* To do
Could you reproduce, exactly and alone, the lines running from the one with "Ile flottantAsparagus Some" to the end of the data below?

* Recorded data
* * * * * * *
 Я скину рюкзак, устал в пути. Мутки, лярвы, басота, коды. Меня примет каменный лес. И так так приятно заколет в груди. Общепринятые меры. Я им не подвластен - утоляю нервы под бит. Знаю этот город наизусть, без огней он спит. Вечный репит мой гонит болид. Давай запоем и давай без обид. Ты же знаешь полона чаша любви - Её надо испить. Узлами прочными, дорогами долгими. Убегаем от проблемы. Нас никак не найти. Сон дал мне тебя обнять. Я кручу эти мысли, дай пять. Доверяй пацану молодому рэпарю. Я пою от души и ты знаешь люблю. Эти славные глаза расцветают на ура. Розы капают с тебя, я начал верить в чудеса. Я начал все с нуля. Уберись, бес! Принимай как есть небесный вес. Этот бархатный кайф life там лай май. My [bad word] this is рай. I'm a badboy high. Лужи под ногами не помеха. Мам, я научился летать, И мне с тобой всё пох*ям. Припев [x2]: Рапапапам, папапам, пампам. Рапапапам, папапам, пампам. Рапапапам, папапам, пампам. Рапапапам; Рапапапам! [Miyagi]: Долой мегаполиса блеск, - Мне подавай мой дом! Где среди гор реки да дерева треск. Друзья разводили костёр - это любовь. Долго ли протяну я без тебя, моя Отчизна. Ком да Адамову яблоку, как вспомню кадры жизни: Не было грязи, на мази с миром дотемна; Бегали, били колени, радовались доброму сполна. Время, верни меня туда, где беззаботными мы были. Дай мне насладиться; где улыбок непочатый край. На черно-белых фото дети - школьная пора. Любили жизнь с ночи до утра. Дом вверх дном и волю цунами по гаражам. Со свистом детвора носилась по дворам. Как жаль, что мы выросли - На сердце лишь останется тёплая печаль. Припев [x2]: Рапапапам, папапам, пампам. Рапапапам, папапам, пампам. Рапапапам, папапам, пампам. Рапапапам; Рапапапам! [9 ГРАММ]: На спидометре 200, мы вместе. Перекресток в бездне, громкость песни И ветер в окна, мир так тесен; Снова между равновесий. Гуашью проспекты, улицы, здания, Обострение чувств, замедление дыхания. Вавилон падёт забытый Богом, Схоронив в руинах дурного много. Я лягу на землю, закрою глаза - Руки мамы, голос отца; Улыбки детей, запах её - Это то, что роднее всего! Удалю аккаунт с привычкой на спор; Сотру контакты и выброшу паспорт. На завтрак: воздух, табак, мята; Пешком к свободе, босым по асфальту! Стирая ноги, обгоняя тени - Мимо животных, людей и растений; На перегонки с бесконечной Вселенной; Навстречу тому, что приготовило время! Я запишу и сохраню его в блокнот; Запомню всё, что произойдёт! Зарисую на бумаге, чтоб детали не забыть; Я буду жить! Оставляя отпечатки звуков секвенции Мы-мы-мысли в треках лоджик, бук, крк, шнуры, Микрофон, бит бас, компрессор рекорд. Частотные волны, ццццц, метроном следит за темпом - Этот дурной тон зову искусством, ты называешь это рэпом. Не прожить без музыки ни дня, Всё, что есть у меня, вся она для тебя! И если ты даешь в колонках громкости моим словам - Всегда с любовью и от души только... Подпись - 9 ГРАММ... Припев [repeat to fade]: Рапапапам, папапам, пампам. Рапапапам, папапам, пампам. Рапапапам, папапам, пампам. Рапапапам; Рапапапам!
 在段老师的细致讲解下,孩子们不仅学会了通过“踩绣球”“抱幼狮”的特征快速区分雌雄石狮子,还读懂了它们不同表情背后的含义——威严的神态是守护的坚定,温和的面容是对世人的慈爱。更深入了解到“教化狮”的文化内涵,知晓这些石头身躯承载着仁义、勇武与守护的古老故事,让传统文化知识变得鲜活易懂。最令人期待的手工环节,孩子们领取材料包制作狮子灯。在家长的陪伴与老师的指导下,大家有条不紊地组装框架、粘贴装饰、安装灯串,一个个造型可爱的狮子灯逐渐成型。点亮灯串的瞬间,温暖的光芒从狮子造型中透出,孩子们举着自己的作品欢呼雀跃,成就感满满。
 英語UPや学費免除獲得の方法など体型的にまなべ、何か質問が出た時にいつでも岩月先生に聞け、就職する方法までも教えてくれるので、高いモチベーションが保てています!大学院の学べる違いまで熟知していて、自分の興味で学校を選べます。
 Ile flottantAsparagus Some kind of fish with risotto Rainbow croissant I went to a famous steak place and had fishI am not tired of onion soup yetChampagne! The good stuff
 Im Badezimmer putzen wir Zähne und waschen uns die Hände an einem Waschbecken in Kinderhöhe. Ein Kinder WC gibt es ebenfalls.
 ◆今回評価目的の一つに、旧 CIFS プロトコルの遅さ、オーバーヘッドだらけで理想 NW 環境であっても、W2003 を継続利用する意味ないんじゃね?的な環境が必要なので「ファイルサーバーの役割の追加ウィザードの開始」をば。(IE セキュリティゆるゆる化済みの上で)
* * * * * * *
* Answer box
 Ile flottantAsparagus Some kind of fish with risotto Rainbow croissant I went to a famous steak place and had fishI am not tired of onion soup yetChampagne! The good stuff
 Im Badezimmer putzen wir Zähne und waschen uns die Hände an einem Waschbecken in Kinderhöhe. Ein Kinder WC gibt es ebenfalls.
 ◆今回評価目的の一つに、旧 CIFS プロトコルの遅さ、オーバーヘッドだらけで理想 NW 環境であっても、W2003 を継続利用する意味ないんじゃね?的な環境が必要なので「ファイルサーバーの役割の追加ウィザードの開始」をば。(IE セキュリティゆるゆる化済みの上で)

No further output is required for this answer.